▸ AIM OF THE TASK
What is printed must match, line for line, the records from their first line through the line containing "갈색 배경에 흰색 도트", with pictures left out.

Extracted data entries
*****
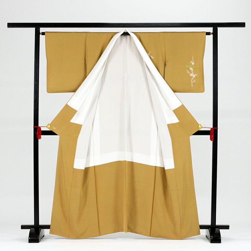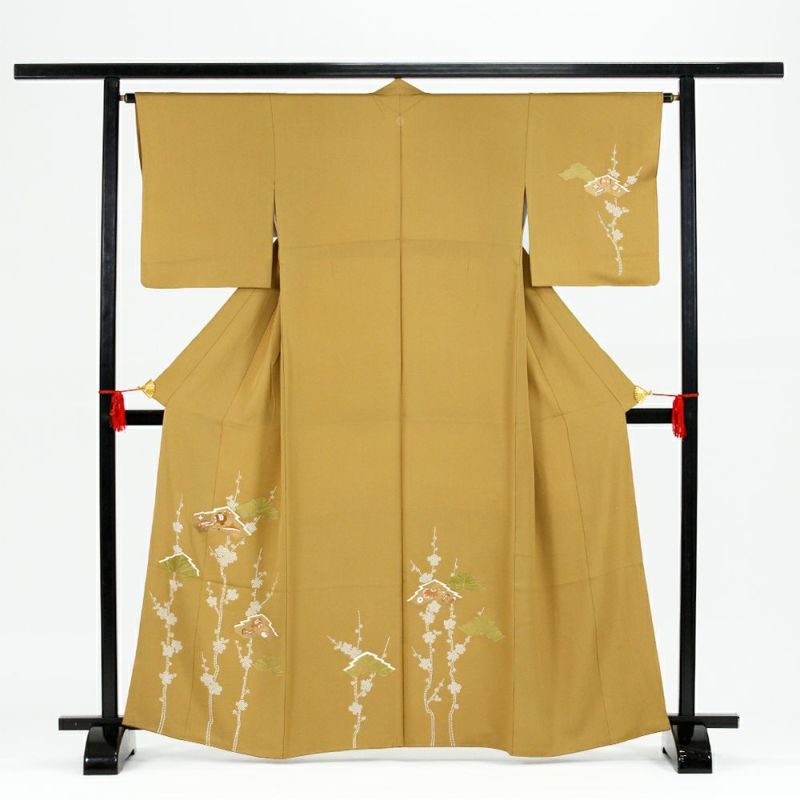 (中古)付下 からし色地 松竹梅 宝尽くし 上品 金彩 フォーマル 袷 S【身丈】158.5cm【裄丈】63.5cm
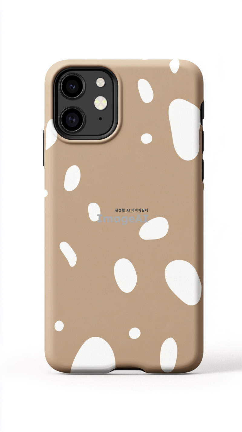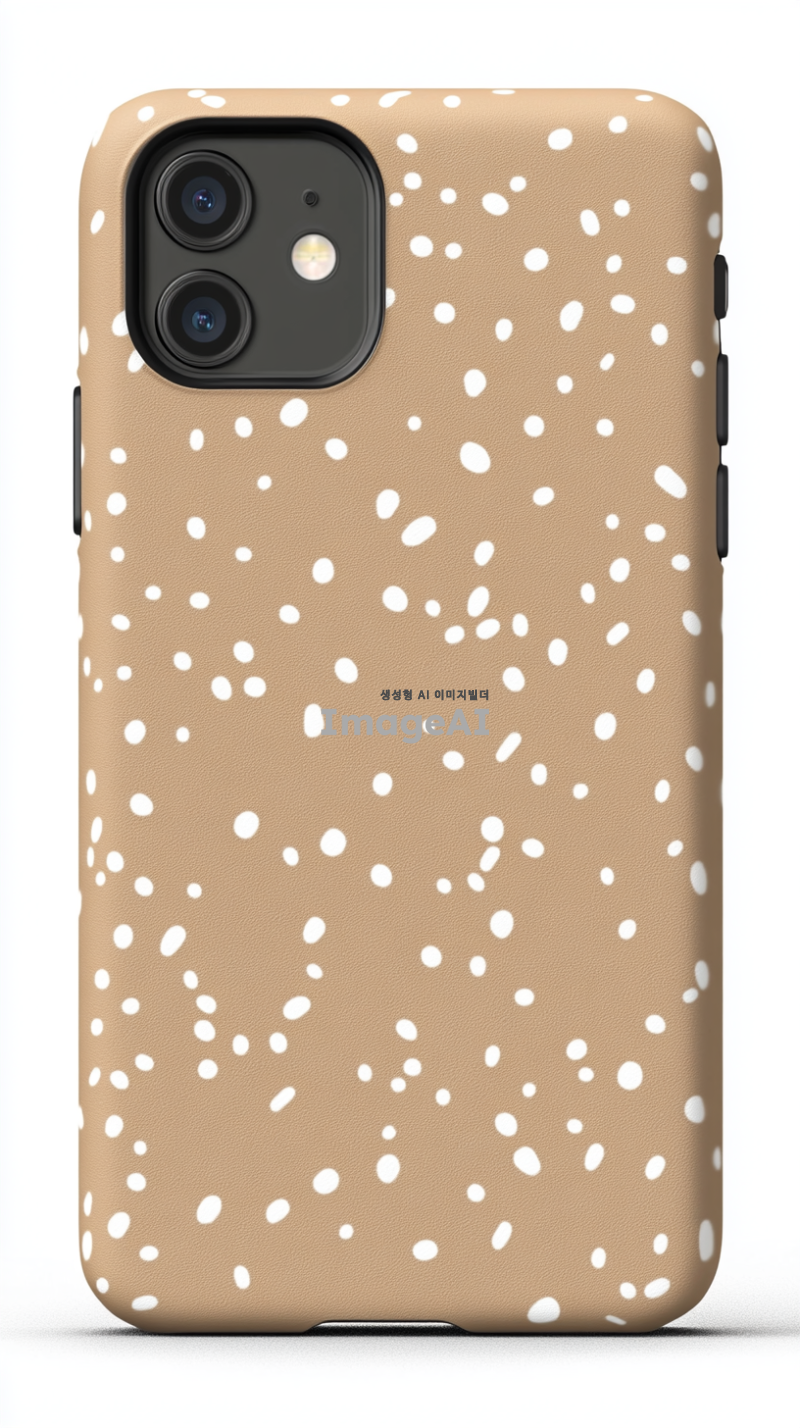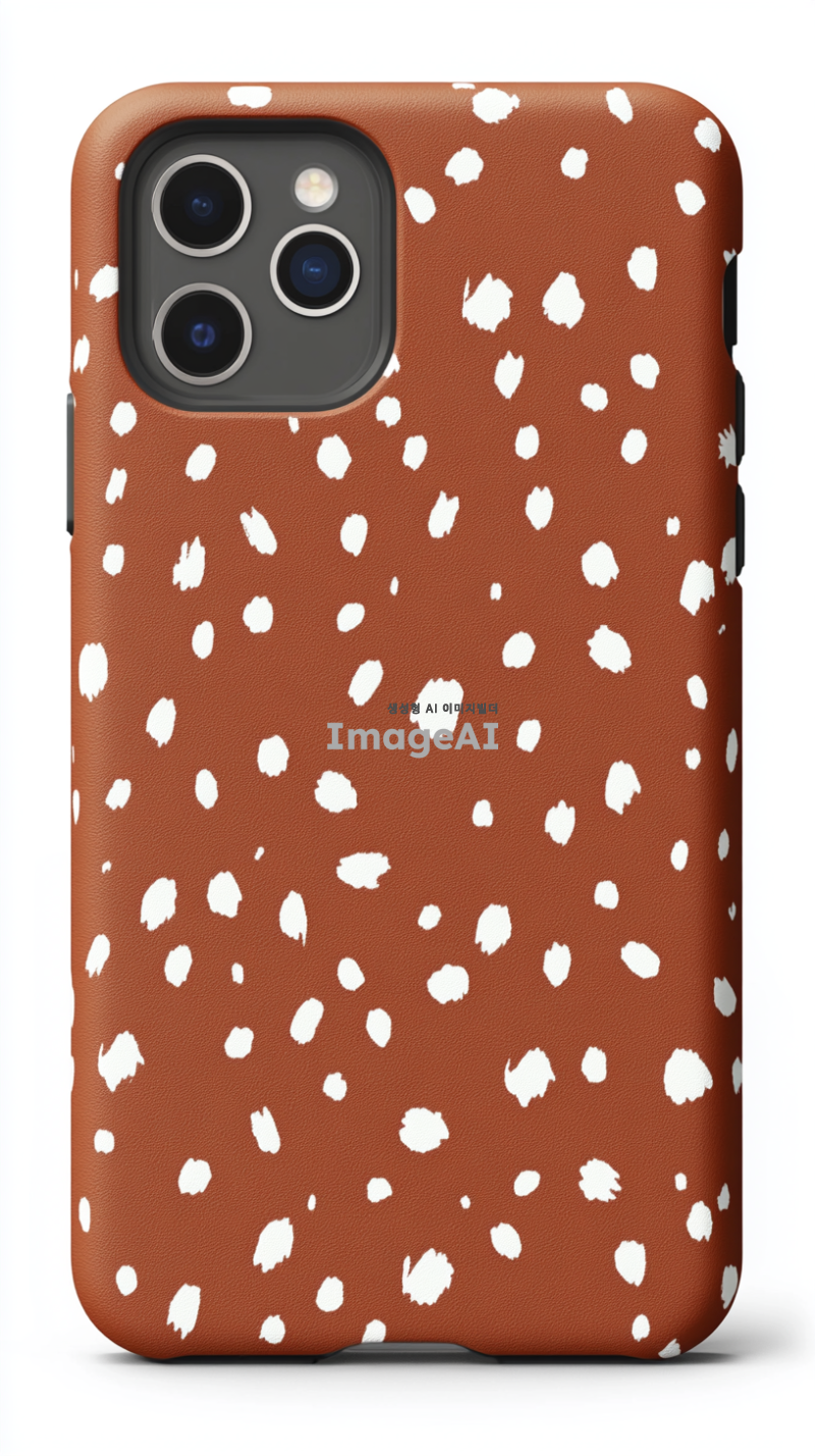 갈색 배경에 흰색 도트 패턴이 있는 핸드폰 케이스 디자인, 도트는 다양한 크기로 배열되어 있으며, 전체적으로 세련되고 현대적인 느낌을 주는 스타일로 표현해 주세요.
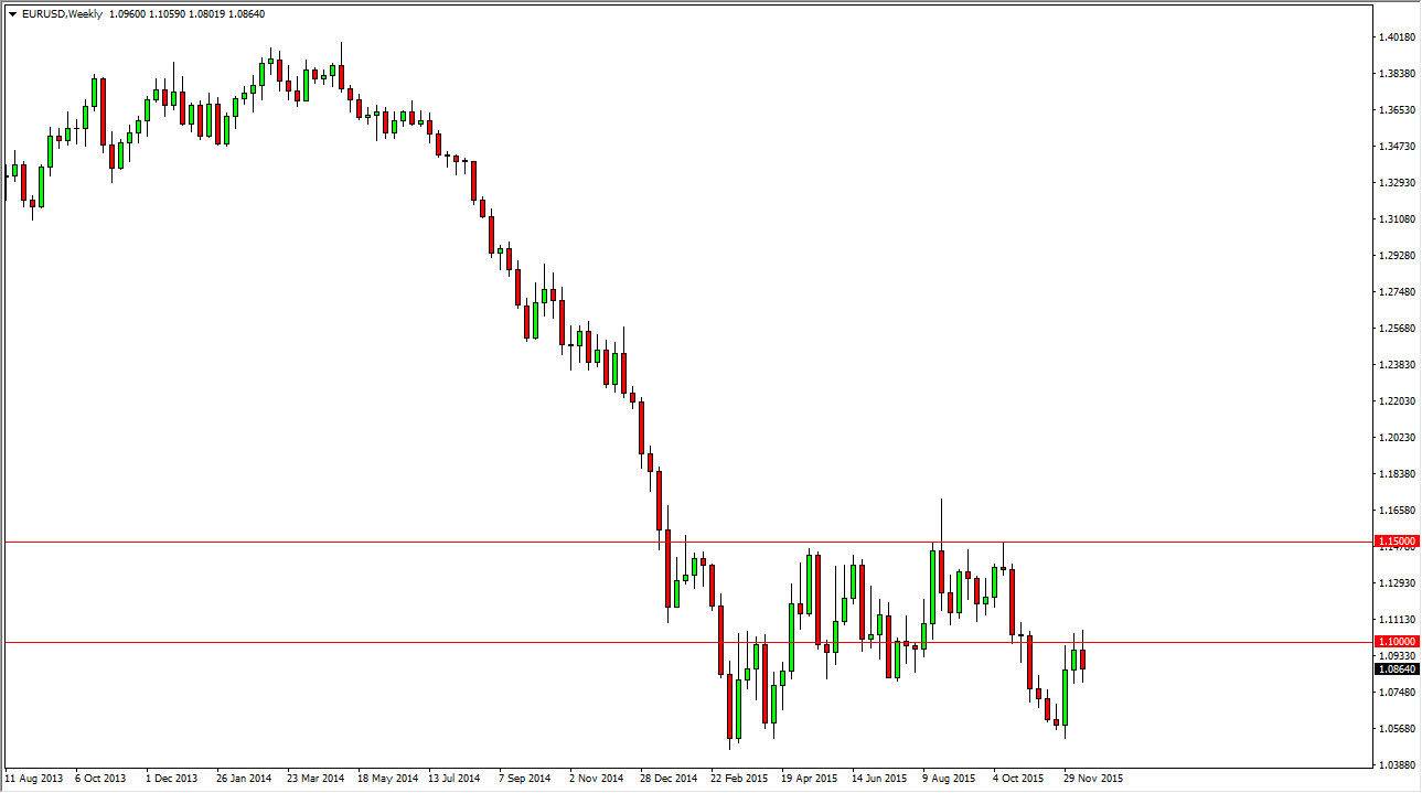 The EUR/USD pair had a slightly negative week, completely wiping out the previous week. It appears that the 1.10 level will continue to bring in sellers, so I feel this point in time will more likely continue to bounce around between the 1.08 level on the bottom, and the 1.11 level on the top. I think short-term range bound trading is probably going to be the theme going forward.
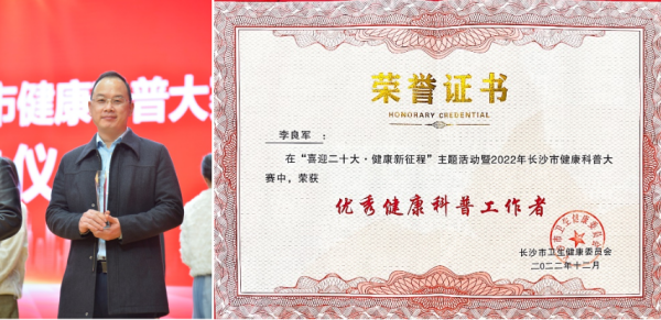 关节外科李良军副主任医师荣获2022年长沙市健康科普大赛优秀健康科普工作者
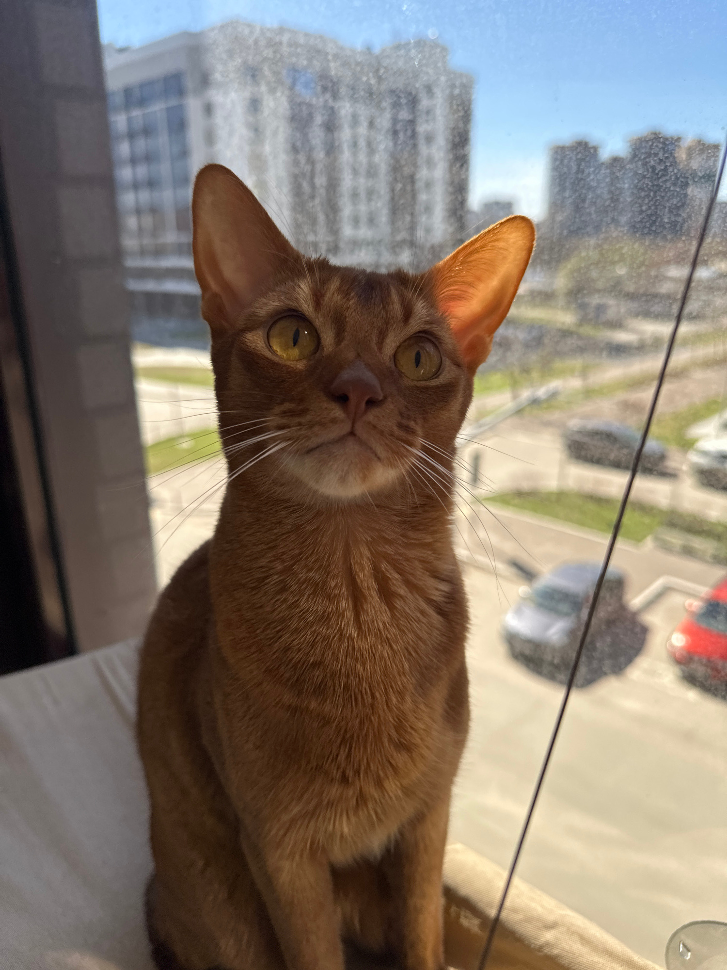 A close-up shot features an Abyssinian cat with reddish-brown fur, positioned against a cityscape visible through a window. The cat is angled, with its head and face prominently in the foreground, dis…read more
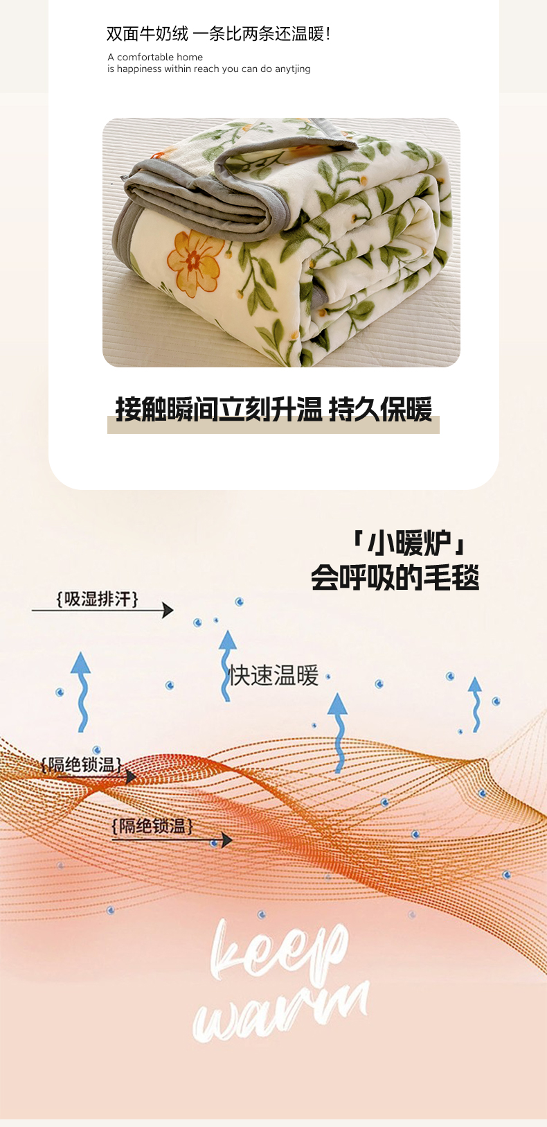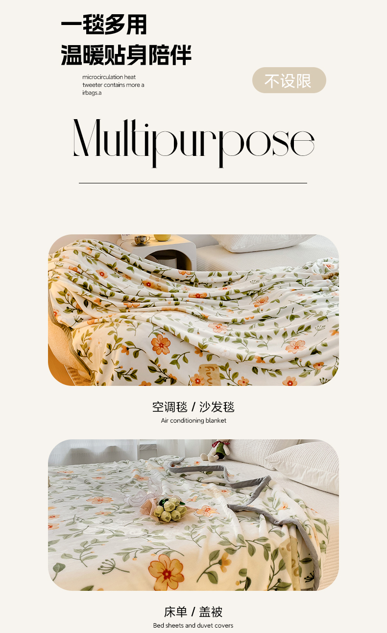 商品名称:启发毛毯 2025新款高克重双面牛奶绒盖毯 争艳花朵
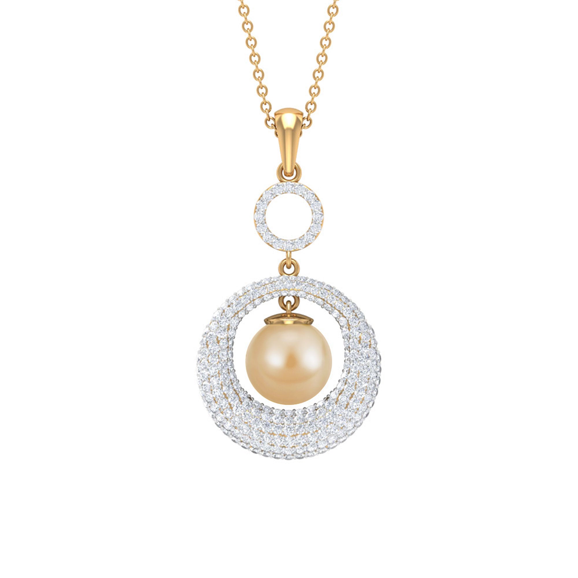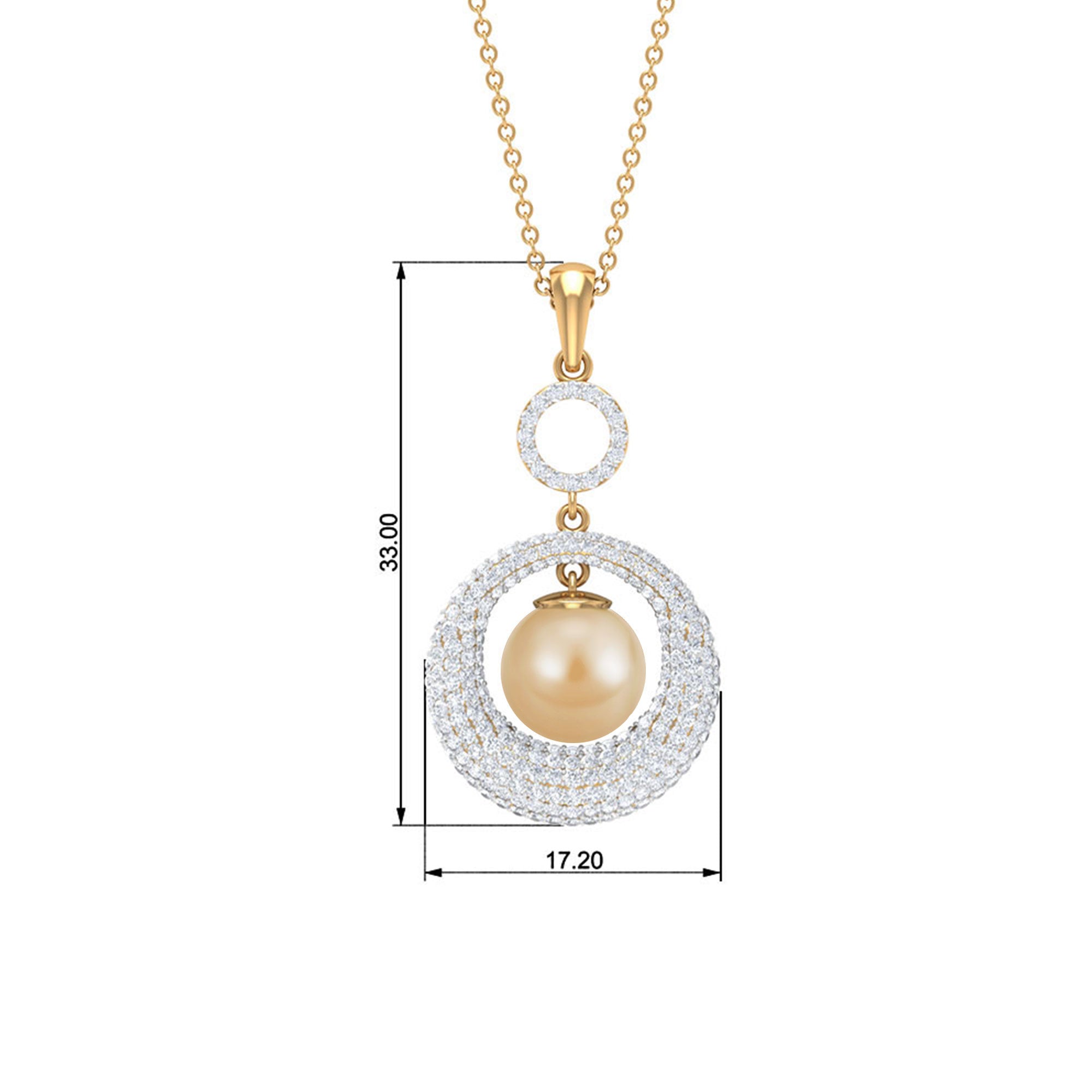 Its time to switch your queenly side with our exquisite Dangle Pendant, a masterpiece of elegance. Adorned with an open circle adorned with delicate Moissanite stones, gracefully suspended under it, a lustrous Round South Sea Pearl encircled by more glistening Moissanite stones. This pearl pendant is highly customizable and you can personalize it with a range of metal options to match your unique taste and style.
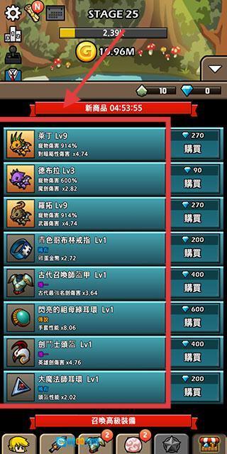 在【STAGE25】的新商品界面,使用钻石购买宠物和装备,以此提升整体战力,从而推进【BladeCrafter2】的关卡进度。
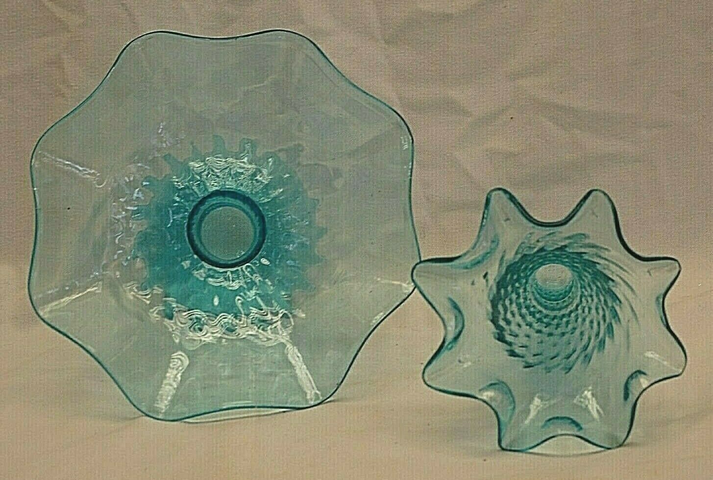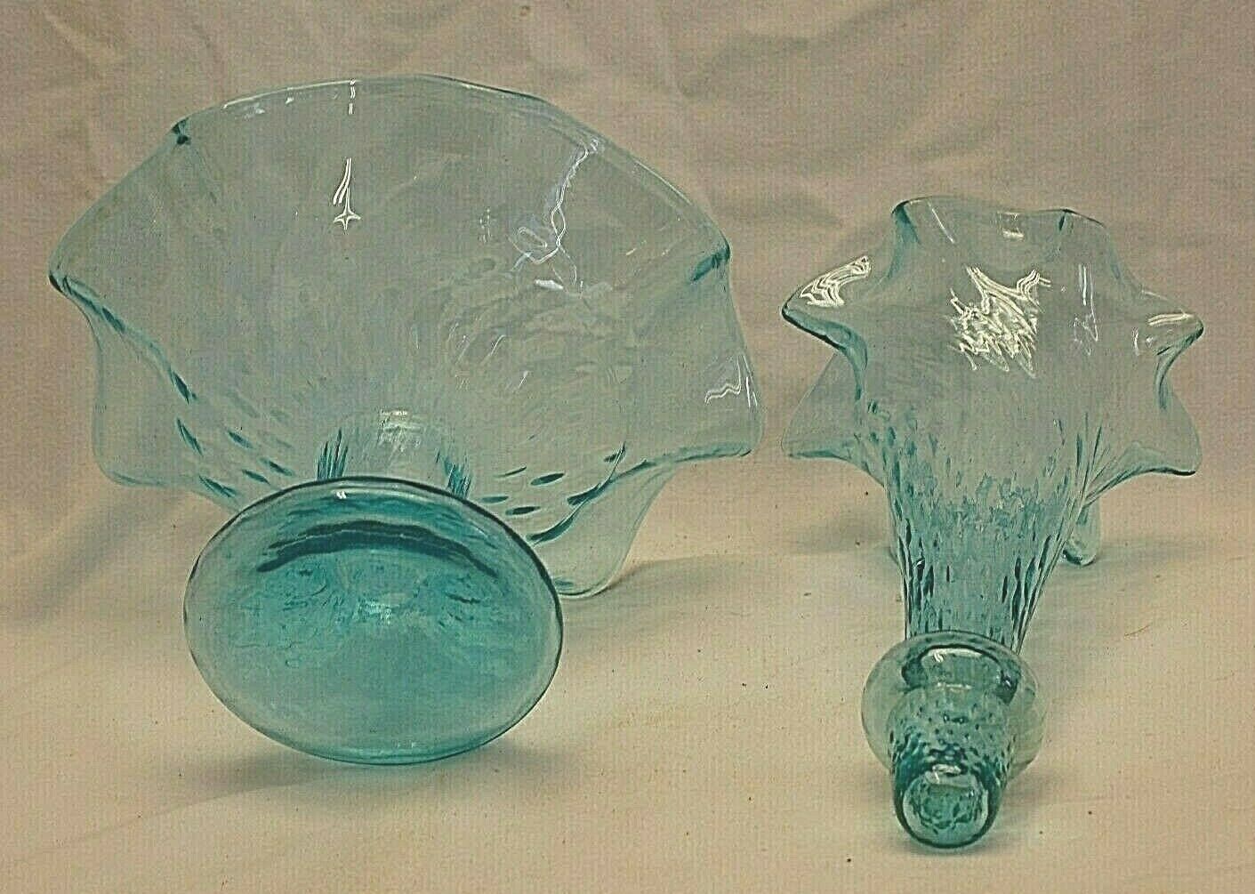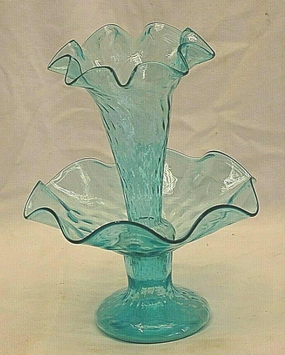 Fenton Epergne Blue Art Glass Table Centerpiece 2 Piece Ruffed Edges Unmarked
*****
▸ EXERCISE RESULT
 (中古)付下 からし色地 松竹梅 宝尽くし 上品 金彩 フォーマル 袷 S【身丈】158.5cm【裄丈】63.5cm
 갈색 배경에 흰색 도트 패턴이 있는 핸드폰 케이스 디자인, 도트는 다양한 크기로 배열되어 있으며, 전체적으로 세련되고 현대적인 느낌을 주는 스타일로 표현해 주세요.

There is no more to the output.